Because the valve has failed it'll leak fuel, flooding the engine royally, spilling out the muffler even while running, you'd think it's the needle or spring but no. As the engine runs and everything cycles though the carb and bulb, it'll suck in air unregulated pumping excess fuel to the metering chamber and will over-power the needle & spring or bypass it completely - flooding the engine, or if the valve is failing/gummed and not working properly, it'll bog, become unresponsive to rebuilds or adjustment, all because it's failed and there's nothing to regulate the fuel/air flow in the carburetor.

Here is a schematic of the Zama RB series to maybe help visualize what I've rambled about




The conclusion I've come up with is: you're either damned if you do and damned if you don't.
I try to get as much as I can out these carbs, because in the back of my mind, is the thought that every aftermarket carb I send out might come back later and some have.(maybe it's just luck?) And no one wants to pay (I don't blame them) for an OEM one,  just to have the same problem later. It's just not practical (economically) or even feasible in my location.(echo dealer service here is... difficult)


----------



## Conquistador3 (Feb 6, 2020)

I have learned a valuable lesson from my Stihl dealer: if a carburetor is still giving troubles after being cleaned and rebuilt, it goes straight into the scrap metal bucket unless it's NLA and there are no alternatives. Time is money, and I have wasted far too much time in my youth trying to resurrect those damn Walbro WT's. 

You folks in the US are lucky parts are so cheap and easily available. The first time I was doing one of these Zama RB's I discovered that due to some dodgy gentlemen's agreement only Echo and Shindaiwa dealerships carry rebuild kits, and as is their usual they will charge you an arm and a leg for the privilege.
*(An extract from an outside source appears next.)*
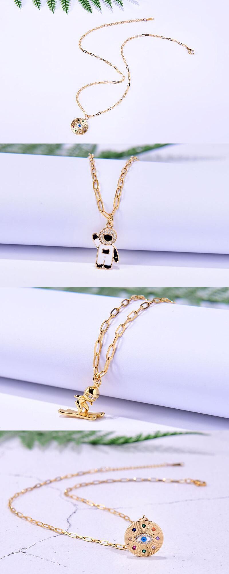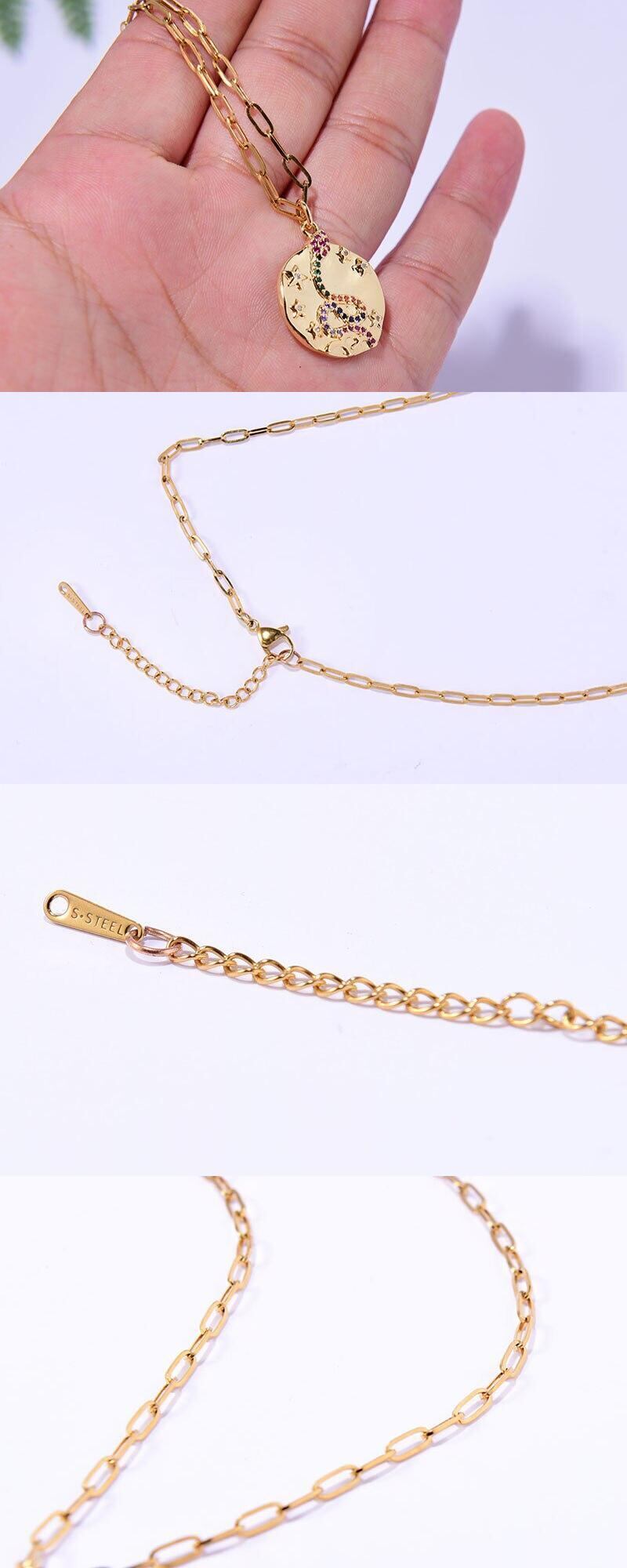送料無料 ステンレス鋼チェーンライトニングイービルアイペンダントネックレス女性トレンディなスネークムーンジルコンゴールドカラーパーティージュエリー レース アクセサリー AE665516569938811

It will be €20 for the same kit that costs $10 in the US, thank you very much. 
But go on the Internet and you can get a whole Zama clone for under $15, shipping and taxes included. As crappy as the materials used are they cannot be worse than in the original. The older one I have installed is now over a year old: if it goes three/four years it's worth as much as the original for a fraction of the price.


----------



## Okie294life (Feb 6, 2020)

I must be lucky I found an OEM Zama for about 15$ shipped, it was ebay so no telling if it actually was but it had good reviews, and functions perfectly. I haven’t had a lot of luck with the aftermarket Chinese carbs. I tried one, and it ran but wouldn’t rev all the way up. I’ve had a couple for chainsaw carbs that were straight crap out of the box. I can rebuild a walbro WB or comparable zama in my sleep with both arms tied behind my back..never had any issues kitting those.


----------